### To do:
Repeat every line of the data exactly; the pictures stay out.

### Data excerpt:
________

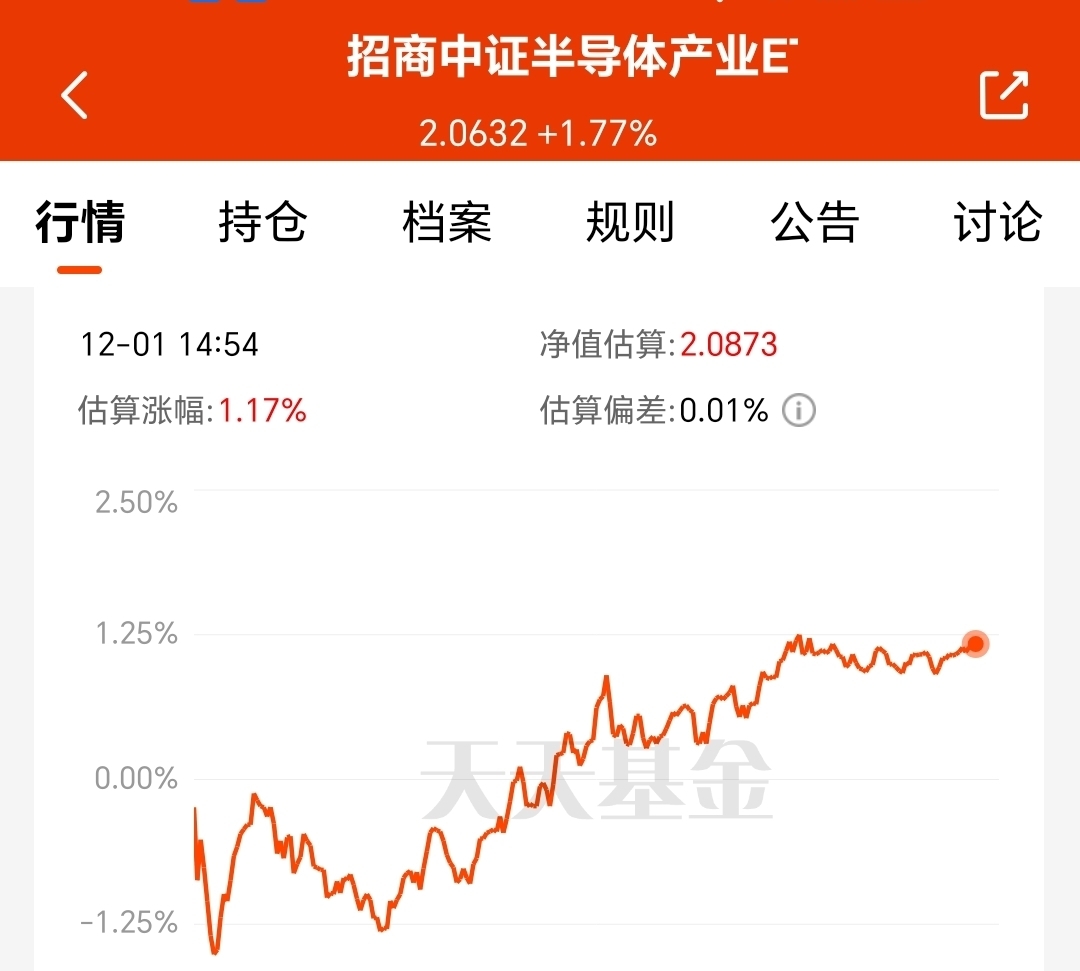 上午我还在说对半导体很乐观,下午就拉升了。截至发文前$招商中证半导体产业ETF发起式联接C$ 预计上涨1.17%。
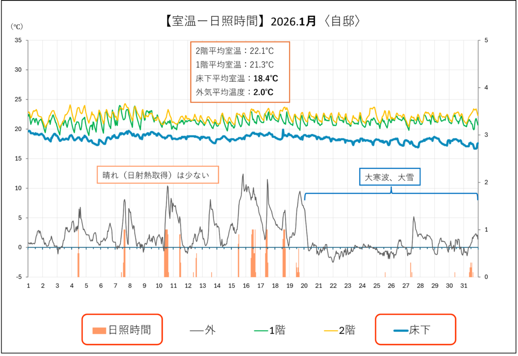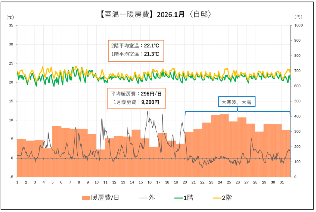 ※2026.1月は長期大寒波により外気温は例年より3~4℃低かった。
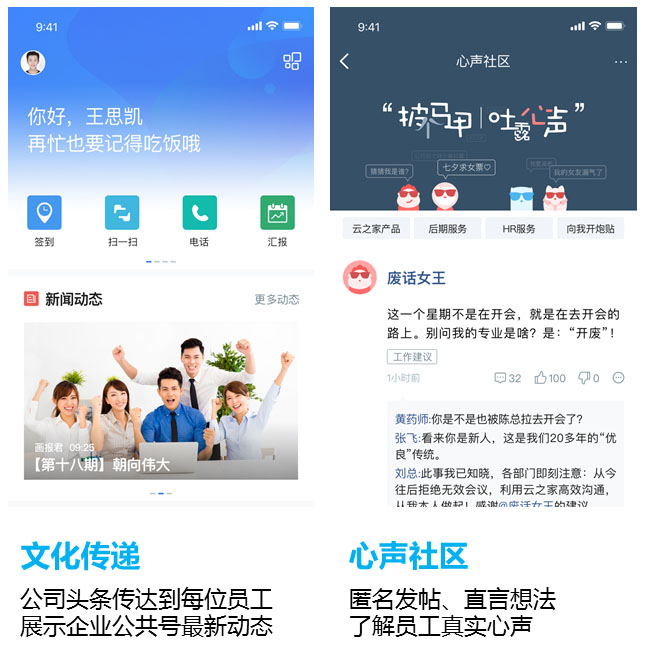 宋凱認(rèn)為,傳統(tǒng)的企業(yè)文化建設(shè)缺少互動(dòng),說教的方式讓年輕人難以接受。云之家同事圈通過線上互動(dòng)社區(qū)把員工召集在一起,建立新生代的企業(yè)文化。
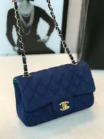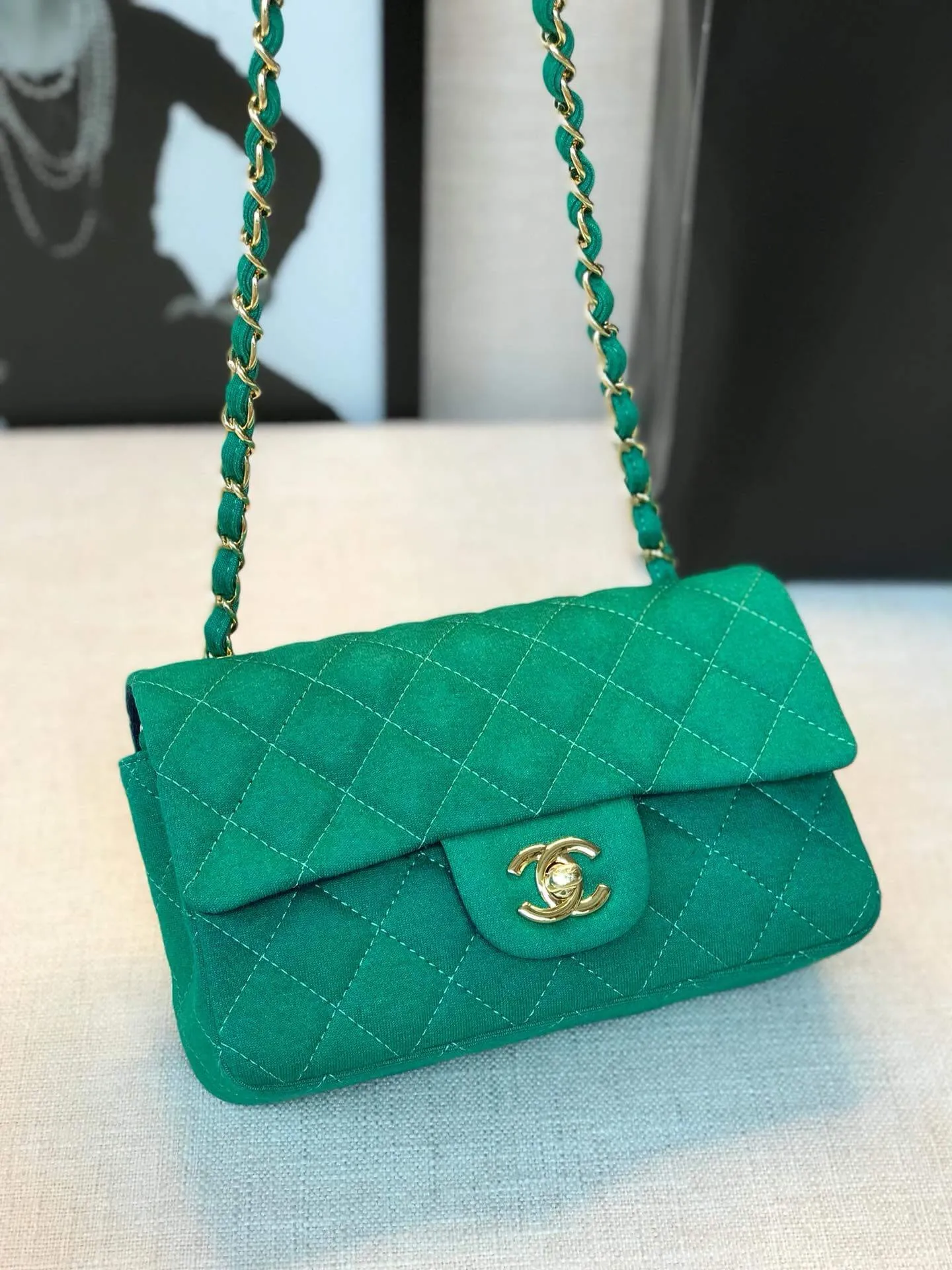 Discover timeless elegance with this exquisitely crafted shoulder bag. Constructed from a soft, high-quality jersey material, this piece showcases a sophisticated quilted texture that adds a layer of visual interest and luxury. The bag’s iconic silhouette is both structured and refined, making it an effortlessly chic accessory suitable for any occasion.

________

### Answer to this exercise:
 上午我还在说对半导体很乐观,下午就拉升了。截至发文前$招商中证半导体产业ETF发起式联接C$ 预计上涨1.17%。
 ※2026.1月は長期大寒波により外気温は例年より3~4℃低かった。
 宋凱認(rèn)為,傳統(tǒng)的企業(yè)文化建設(shè)缺少互動(dòng),說教的方式讓年輕人難以接受。云之家同事圈通過線上互動(dòng)社區(qū)把員工召集在一起,建立新生代的企業(yè)文化。
 Discover timeless elegance with this exquisitely crafted shoulder bag. Constructed from a soft, high-quality jersey material, this piece showcases a sophisticated quilted texture that adds a layer of visual interest and luxury. The bag’s iconic silhouette is both structured and refined, making it an effortlessly chic accessory suitable for any occasion.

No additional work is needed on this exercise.